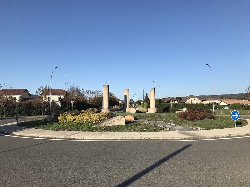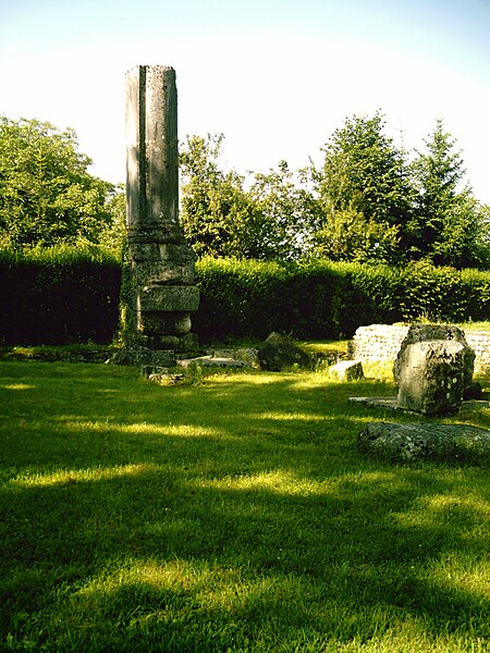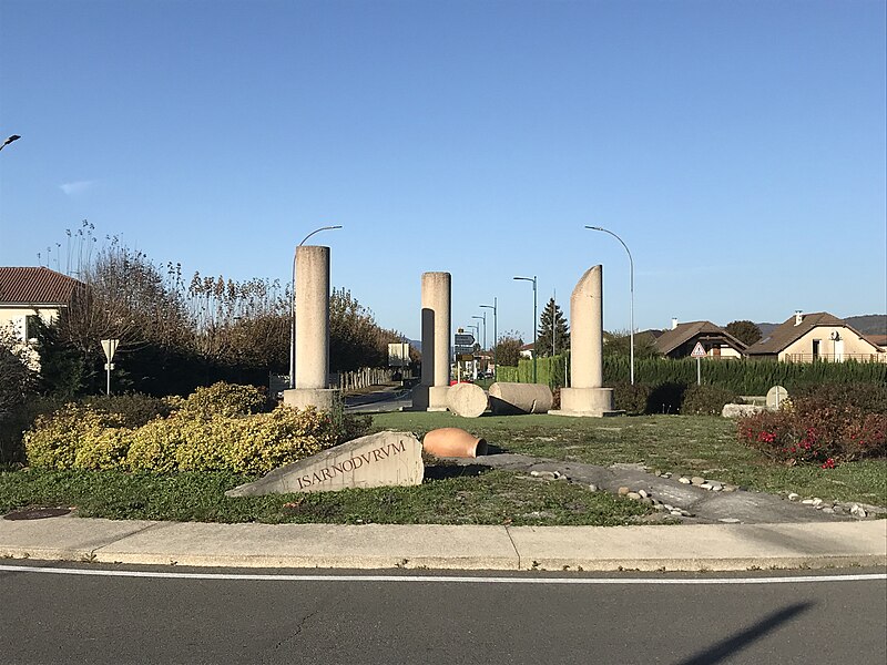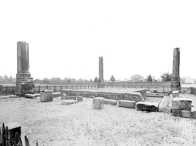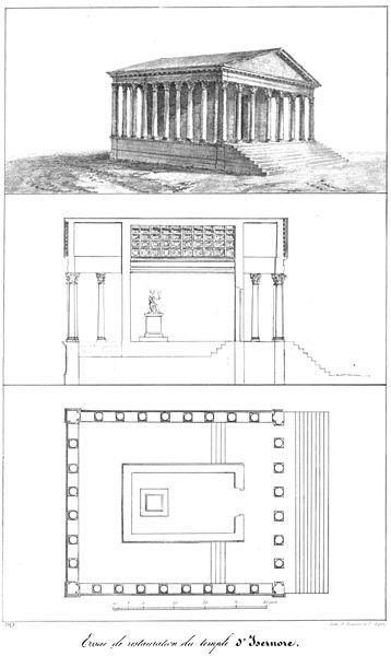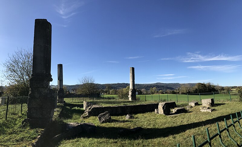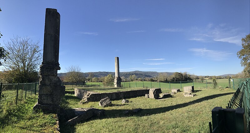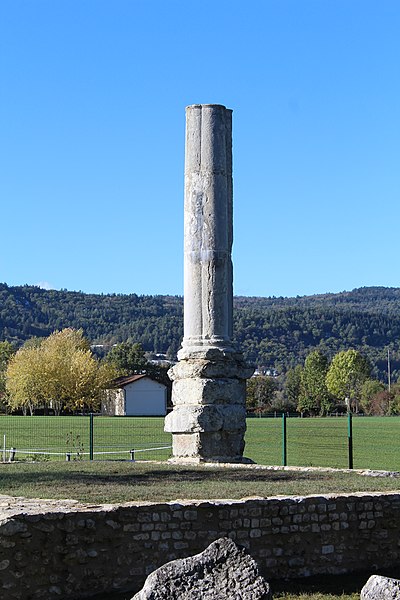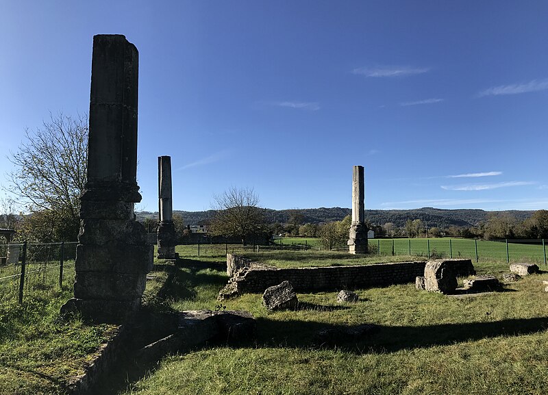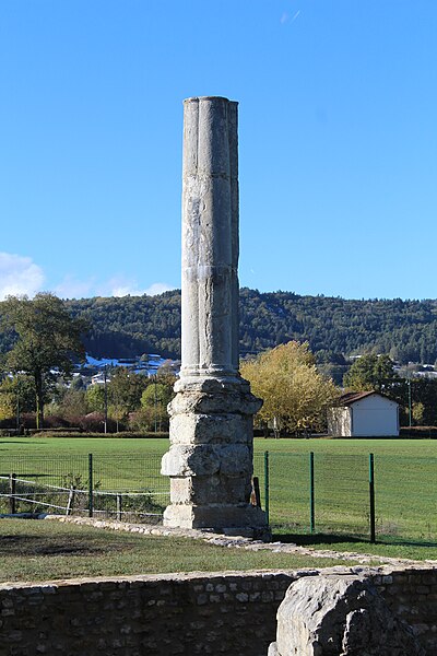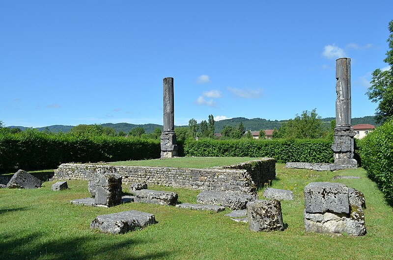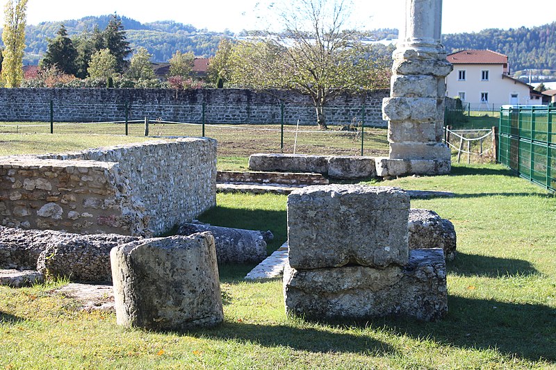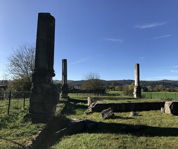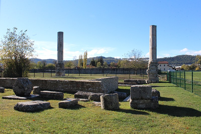 Le temple gallo-romain d'Izernore, situé dans la commune d'Izernore (Ain, Auvergne‑Rhône‑Alpes), est classé au titre des monuments historiques en 1840 et constitue le seul vestige antique visible en élévation dans le département. Il correspond à deux édifices monumentaux successifs érigés au même emplacement entre le milieu du Ier et la fin du IIe siècle, le second réutilisant des structures du premier, et s'inscrit dans un ensemble cultuel plus vaste rattaché à l'agglomération antique d'Isarnodurum ; l'ensemble paraît abandonné à la fin de l'Antiquité. Les vestiges encore en élévation — trois piliers d'angle et des blocs épars — appartiennent au second monument, la base des murs étant une reconstruction du début du XXe siècle, et l'élévation insuffisante empêche une restitution certaine des bâtiments. Le site, implanté à environ 500 m au nord‑nord‑est du chef‑lieu communal à 462 m d'altitude, occupe le rebord d'une crête dominant le bief et la vallée du synclinal de l'Oignin‑Izernore, et une voie antique nord‑sud semble passer à l'ouest du temple. Des monnaies gauloises attestent une occupation antérieure, une couche de cendres marque un incendie séparant les deux phases, et la datation des deux temples reste incertaine, reposant en partie sur des monnaies dont la chronologie est limitée. Le second édifice, bâti sur les fondations du premier, est un temple périptère sur podium avec large escalier d'accès et des dimensions d'environ 19,20 × 22,60 m ; sa cella de 7,80 × 12,80 m est décentrée vers la façade, le massif de la colonnade mesure 1,80 m et les trois piliers conservés, en calcaire dur, comportent des demi‑colonnes engagées. Le décor peint, dont plusieurs fragments sont conservés, comportait des panneaux blancs encadrés d'une large bande vermillon (cinabre) et des motifs géométriques, végétaux et animaliers, dont certains semblent inspirés de modèles italiques. L'identité de la divinité vénérée demeure inconnue : la tradition a proposé Mercure sur la base d'une inscription votive en remploi, mais d'autres indices (fragment de pétase, doigt de bronze, petite statuette) ont conduit à des hypothèses diverses sans preuve décisive. Le site a été mentionné dès le haut Moyen Âge, fouillé dès la fin du XVIIIe siècle puis au XIXe siècle, protégé et restauré au début du XXe siècle, étudié et publié à plusieurs reprises au XXe et XXIe siècles, consolidé après des fouilles récentes et valorisé par un musée local et une réplique stylisée.
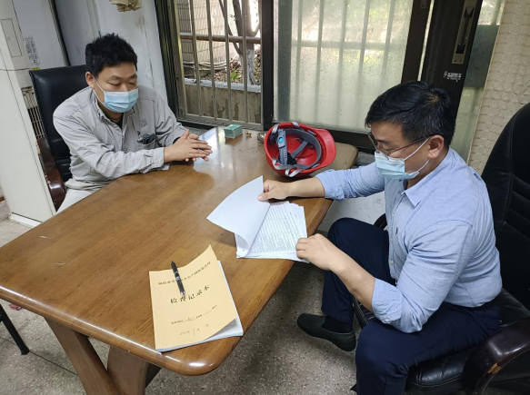 在江南小野田水泥有限公司,張主任和印書記翻看了企業(yè)臺(tái)賬,查閱了企業(yè)安全生產(chǎn)主體責(zé)任落實(shí)、安全生產(chǎn)管理制度執(zhí)行、安全風(fēng)險(xiǎn)管控等相關(guān)內(nèi)容,并進(jìn)行了詳細(xì)記錄。
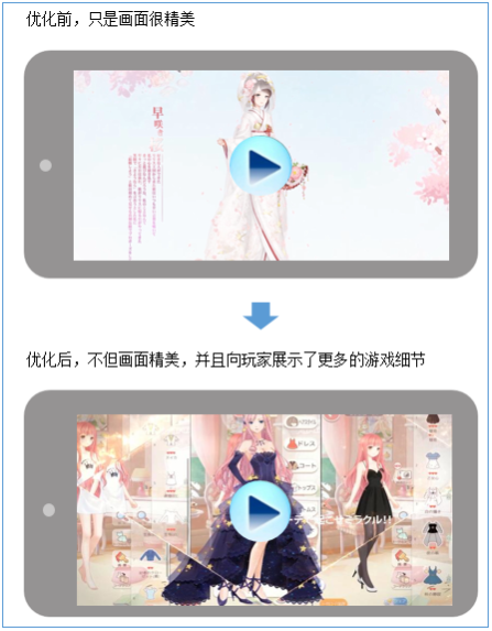 視頻廣告是一套華麗而極具攻擊力的招數(shù),它聚集了《暖暖》核心玩法,絢麗裝束,以動(dòng)感的形態(tài)展示在用戶面前,魅力十足。經(jīng)過(guò)分析,調(diào)整投放策略,利用玩家真實(shí)gameplay為核心內(nèi)容,配合視頻配景優(yōu)化,制作創(chuàng)意素材進(jìn)行視頻投放,整體點(diǎn)擊率提升至超過(guò)20% ,次日留存率大幅提升至65%。
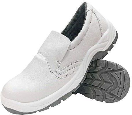 PÓŁBUTY ROBOCZE MOKASYNY FODREIS ZE STALOWYM PODNOSKIEM WYKONANE Z MIKROFIBRY BRFODREIS SB Porządny i wygodny model butów roboczych wykonano z mikrofibry w białym kolorze. Model ten to półbuty przed kostkę, typ mokasyn, wygodnie wciągany z językiem który zakrywa elastyczną gumkę w przegubie. Kategoria obuwia to SB E FO SRA, buty ochronne spełniają wymagania norm EN20345, EN20344. Podeszwa tego modelu także jest biała a wykonano ją z solidnej jakości podwójnego poliuretanu. Dodatkowym atutem jest stalowy podnosek wytrzymały na uderzenia z energią 200 J oraz zagięcia do 15 kN. Cechy charakterystyczne butów FODREIS model butów to BRFODREIS SB producent Reis zostały wykonane z mikrofibry dostępne w kolorze białym buty przed kostkę, typu mokasyn wciągane z językiem zakrywającym gumkę na przegubie mają podeszwę, która jest wykonana z podwójnego poliuretanu, w kolorze białym, posiadają stalowy podnosek wytrzymały na uderzenia z energią 200 J oraz zagięcia do 15 kN, który zwiększa ochronę i poczucie bezpieczeństwa w trakcie pracy kategoria butów SB E FO SRA, spełniają wymagania norm EN20345, EN20344 polecane pracownikom branży spożywczej Buty robocze SB - jakie ochrony posiada obuwie ochronne tej kategorii Buty robocze wyprodukowane zgodnie z normą EN ISO 20345 są oznaczone literą "S" po której występuje dodatkowe oznaczenie. W butach roboczych kategorii SB mamy zapewnioną ochronę podstawową. Buty bhp tego rodzaju posiadają podnosek ochronny który wytrzymuje uderzenie do 200J. Dodatkowo wierzch obuwia musi być wykonany ze skóry dwoinowej lub innego wytrzymałego materiału. Podeszwa obuwia ochronnego SB ma być odporna na oleje, benzynę, rozpuszczalniki organiczne. Obuwie kategorii SB występować mogą jako sandały robocze, półbuty robocze przed kostkę czy też trzewiki robocze. Często obuwie to jest stosowane na magazynach, halach produkcyjnych oraz tam gdzie nie wymaga się bardziej zaawansowanej ochrony
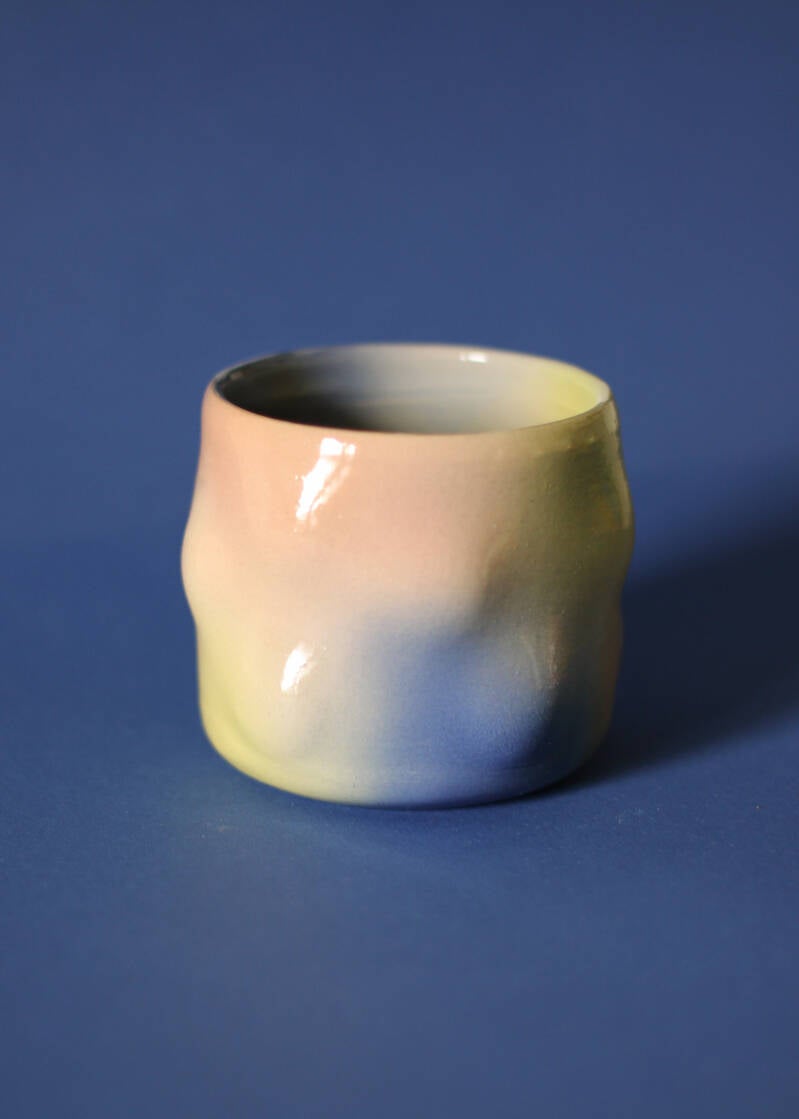 wheel thrown ceramic cup with airbrushed design in pink, green and blue. dishwasher safe, but hand washing is recommended.
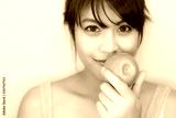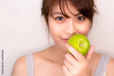 Portrait charming beautiful healthy woman: Attractive girl hold green apple. Pretty asian woman love to eat fruit, make her get good health, nice skin, lose weight and weight control. She get happy
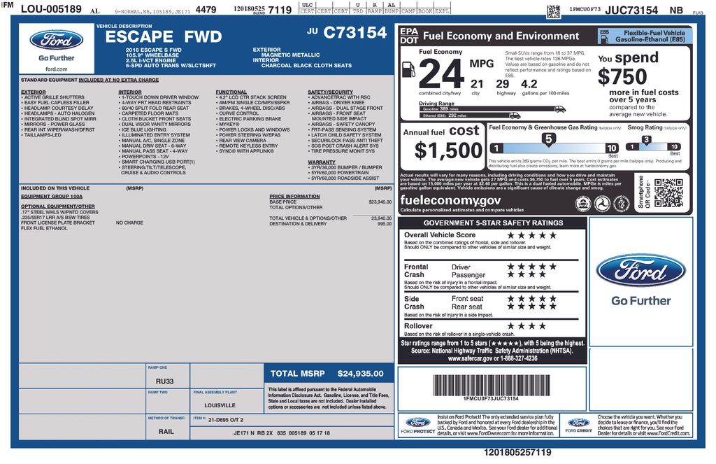 2018 Ford Escape S Magnetic Metallic S FWD 6-Speed Automatic 2.5L i-VCT 3.51 Axle Ratio, 4-Wheel Disc Brakes, 6 Speakers, ABS brakes, Air Conditioning, AM/FM radio, Brake assist, Bumpers: body-color, CD player, Cloth Front Bucket Seats, Compass, Delay-off headlights, Driver door bin, Driver vanity mirror, Dual front impact airbags, Dual front side impact airbags, Electronic Stability Control, Emergency communication system: 911 Assist, Equipment Group 100A, Exterior Parking Camera Rear, Four wheel independent suspension, Front anti-roll bar, Front Bucket Seats, Front Center Armrest, Front License Plate Bracket, Front reading lights, Fully automatic headlights, Illuminated entry, Knee airbag, Low tire pressure warning, Occupant sensing airbag, Outside temperature display, Overhead airbag, Overhead console, Panic alarm, Passenger door bin, Passenger vanity mirror, Power door mirrors, Power steering, Power windows, Radio data system, Radio: AM/FM Stereo w/Single-CD/MP3 Player, Rear anti-roll bar, Rear window defroster, Rear window wiper, Remote keyless entry, Speed control, Speed-sensing steering, Split folding rear seat, Steering wheel mounted audio controls, SYNC Communications & Entertainment System, Tachometer, Telescoping steering wheel, Tilt steering wheel, Traction control, Trip computer, Variably intermittent wipers, Wheels: 17" Steel w/Sparkle Silver-Painted Covers.

□ □ □ □ □

**TASK DESCRIPTION**: Rewrite the data above exactly as given, but omit the images.

**OUTPUT FOR THIS TASK**:
 Le temple gallo-romain d'Izernore, situé dans la commune d'Izernore (Ain, Auvergne‑Rhône‑Alpes), est classé au titre des monuments historiques en 1840 et constitue le seul vestige antique visible en élévation dans le département. Il correspond à deux édifices monumentaux successifs érigés au même emplacement entre le milieu du Ier et la fin du IIe siècle, le second réutilisant des structures du premier, et s'inscrit dans un ensemble cultuel plus vaste rattaché à l'agglomération antique d'Isarnodurum ; l'ensemble paraît abandonné à la fin de l'Antiquité. Les vestiges encore en élévation — trois piliers d'angle et des blocs épars — appartiennent au second monument, la base des murs étant une reconstruction du début du XXe siècle, et l'élévation insuffisante empêche une restitution certaine des bâtiments. Le site, implanté à environ 500 m au nord‑nord‑est du chef‑lieu communal à 462 m d'altitude, occupe le rebord d'une crête dominant le bief et la vallée du synclinal de l'Oignin‑Izernore, et une voie antique nord‑sud semble passer à l'ouest du temple. Des monnaies gauloises attestent une occupation antérieure, une couche de cendres marque un incendie séparant les deux phases, et la datation des deux temples reste incertaine, reposant en partie sur des monnaies dont la chronologie est limitée. Le second édifice, bâti sur les fondations du premier, est un temple périptère sur podium avec large escalier d'accès et des dimensions d'environ 19,20 × 22,60 m ; sa cella de 7,80 × 12,80 m est décentrée vers la façade, le massif de la colonnade mesure 1,80 m et les trois piliers conservés, en calcaire dur, comportent des demi‑colonnes engagées. Le décor peint, dont plusieurs fragments sont conservés, comportait des panneaux blancs encadrés d'une large bande vermillon (cinabre) et des motifs géométriques, végétaux et animaliers, dont certains semblent inspirés de modèles italiques. L'identité de la divinité vénérée demeure inconnue : la tradition a proposé Mercure sur la base d'une inscription votive en remploi, mais d'autres indices (fragment de pétase, doigt de bronze, petite statuette) ont conduit à des hypothèses diverses sans preuve décisive. Le site a été mentionné dès le haut Moyen Âge, fouillé dès la fin du XVIIIe siècle puis au XIXe siècle, protégé et restauré au début du XXe siècle, étudié et publié à plusieurs reprises au XXe et XXIe siècles, consolidé après des fouilles récentes et valorisé par un musée local et une réplique stylisée.
 在江南小野田水泥有限公司,張主任和印書記翻看了企業(yè)臺(tái)賬,查閱了企業(yè)安全生產(chǎn)主體責(zé)任落實(shí)、安全生產(chǎn)管理制度執(zhí)行、安全風(fēng)險(xiǎn)管控等相關(guān)內(nèi)容,并進(jìn)行了詳細(xì)記錄。
 視頻廣告是一套華麗而極具攻擊力的招數(shù),它聚集了《暖暖》核心玩法,絢麗裝束,以動(dòng)感的形態(tài)展示在用戶面前,魅力十足。經(jīng)過(guò)分析,調(diào)整投放策略,利用玩家真實(shí)gameplay為核心內(nèi)容,配合視頻配景優(yōu)化,制作創(chuàng)意素材進(jìn)行視頻投放,整體點(diǎn)擊率提升至超過(guò)20% ,次日留存率大幅提升至65%。
 PÓŁBUTY ROBOCZE MOKASYNY FODREIS ZE STALOWYM PODNOSKIEM WYKONANE Z MIKROFIBRY BRFODREIS SB Porządny i wygodny model butów roboczych wykonano z mikrofibry w białym kolorze. Model ten to półbuty przed kostkę, typ mokasyn, wygodnie wciągany z językiem który zakrywa elastyczną gumkę w przegubie. Kategoria obuwia to SB E FO SRA, buty ochronne spełniają wymagania norm EN20345, EN20344. Podeszwa tego modelu także jest biała a wykonano ją z solidnej jakości podwójnego poliuretanu. Dodatkowym atutem jest stalowy podnosek wytrzymały na uderzenia z energią 200 J oraz zagięcia do 15 kN. Cechy charakterystyczne butów FODREIS model butów to BRFODREIS SB producent Reis zostały wykonane z mikrofibry dostępne w kolorze białym buty przed kostkę, typu mokasyn wciągane z językiem zakrywającym gumkę na przegubie mają podeszwę, która jest wykonana z podwójnego poliuretanu, w kolorze białym, posiadają stalowy podnosek wytrzymały na uderzenia z energią 200 J oraz zagięcia do 15 kN, który zwiększa ochronę i poczucie bezpieczeństwa w trakcie pracy kategoria butów SB E FO SRA, spełniają wymagania norm EN20345, EN20344 polecane pracownikom branży spożywczej Buty robocze SB - jakie ochrony posiada obuwie ochronne tej kategorii Buty robocze wyprodukowane zgodnie z normą EN ISO 20345 są oznaczone literą "S" po której występuje dodatkowe oznaczenie. W butach roboczych kategorii SB mamy zapewnioną ochronę podstawową. Buty bhp tego rodzaju posiadają podnosek ochronny który wytrzymuje uderzenie do 200J. Dodatkowo wierzch obuwia musi być wykonany ze skóry dwoinowej lub innego wytrzymałego materiału. Podeszwa obuwia ochronnego SB ma być odporna na oleje, benzynę, rozpuszczalniki organiczne. Obuwie kategorii SB występować mogą jako sandały robocze, półbuty robocze przed kostkę czy też trzewiki robocze. Często obuwie to jest stosowane na magazynach, halach produkcyjnych oraz tam gdzie nie wymaga się bardziej zaawansowanej ochrony
 wheel thrown ceramic cup with airbrushed design in pink, green and blue. dishwasher safe, but hand washing is recommended.
 Portrait charming beautiful healthy woman: Attractive girl hold green apple. Pretty asian woman love to eat fruit, make her get good health, nice skin, lose weight and weight control. She get happy
 2018 Ford Escape S Magnetic Metallic S FWD 6-Speed Automatic 2.5L i-VCT 3.51 Axle Ratio, 4-Wheel Disc Brakes, 6 Speakers, ABS brakes, Air Conditioning, AM/FM radio, Brake assist, Bumpers: body-color, CD player, Cloth Front Bucket Seats, Compass, Delay-off headlights, Driver door bin, Driver vanity mirror, Dual front impact airbags, Dual front side impact airbags, Electronic Stability Control, Emergency communication system: 911 Assist, Equipment Group 100A, Exterior Parking Camera Rear, Four wheel independent suspension, Front anti-roll bar, Front Bucket Seats, Front Center Armrest, Front License Plate Bracket, Front reading lights, Fully automatic headlights, Illuminated entry, Knee airbag, Low tire pressure warning, Occupant sensing airbag, Outside temperature display, Overhead airbag, Overhead console, Panic alarm, Passenger door bin, Passenger vanity mirror, Power door mirrors, Power steering, Power windows, Radio data system, Radio: AM/FM Stereo w/Single-CD/MP3 Player, Rear anti-roll bar, Rear window defroster, Rear window wiper, Remote keyless entry, Speed control, Speed-sensing steering, Split folding rear seat, Steering wheel mounted audio controls, SYNC Communications & Entertainment System, Tachometer, Telescoping steering wheel, Tilt steering wheel, Traction control, Trip computer, Variably intermittent wipers, Wheels: 17" Steel w/Sparkle Silver-Painted Covers.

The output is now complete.